On Fridays there is a Turkish market by Kottbusser Tor, one of the many markets you can find just about any day of the week around Berlin (and, I think, most European cities). This one, running along the south ‘Ufer’ river bank in Kreutzberg is the place to go for olives, nuts, dried fruit, rolls of fabric, rose flavored ground cow bones (ok, ok, actually just the gelatin of turkish delight), grape leaves, spices and lots of kakis (a persimmon fruit that I have been obsessed with for the last month. They are the most amazing experience ever if you can pick a good ripe one.
Unlike persimmons that I’m used to, they don’t need to be soft to be ripe; certain varieties can be still pale yellow and crunchy and be ready. But unripe, OH they are so astringent which, if you don’t know, is just awful….where was I, ah at the market).
I like how it is almost too crowded to walk down the row of stands. Not that there are that many people but the space is comfortably narrow and I am cramped between the bags of rice and grains on one side and on the other, milk white stacks of cheese behind glass.
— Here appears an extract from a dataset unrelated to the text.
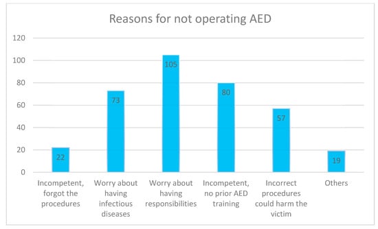 On the reasons for not operating an AED on the scene, the respondents could choose more than one answer. One hundred and five respondents chose ‘Worry about taking on responsibility’, 80 chose ‘Incompetent and without AED training’, while 73 selected ‘Worry about suffering from infectious diseases’. Please refer to Figure 1 for details.

I can’t really tell the difference between the French sheep cheese and the Bulgarian sheep mountain cheese; it’s all feta to me, but I go with the mountain cheese.
The fruit and vegetable stands are green and so much orange. Besides carrots, there’s clementines and satsumis and oranges and more oranges and kakis and mangoes and papaya and pomegranates and humongous slices of butternut squash. The stand owners call out, ‘best price for sharons, here here’, or ‘scarves, gloves, everything, one euro one euro’.
At home I am surprised to realize I bought almost exclusively tropical fruit, walnuts, and three small squares of turkish delight, rose flavored.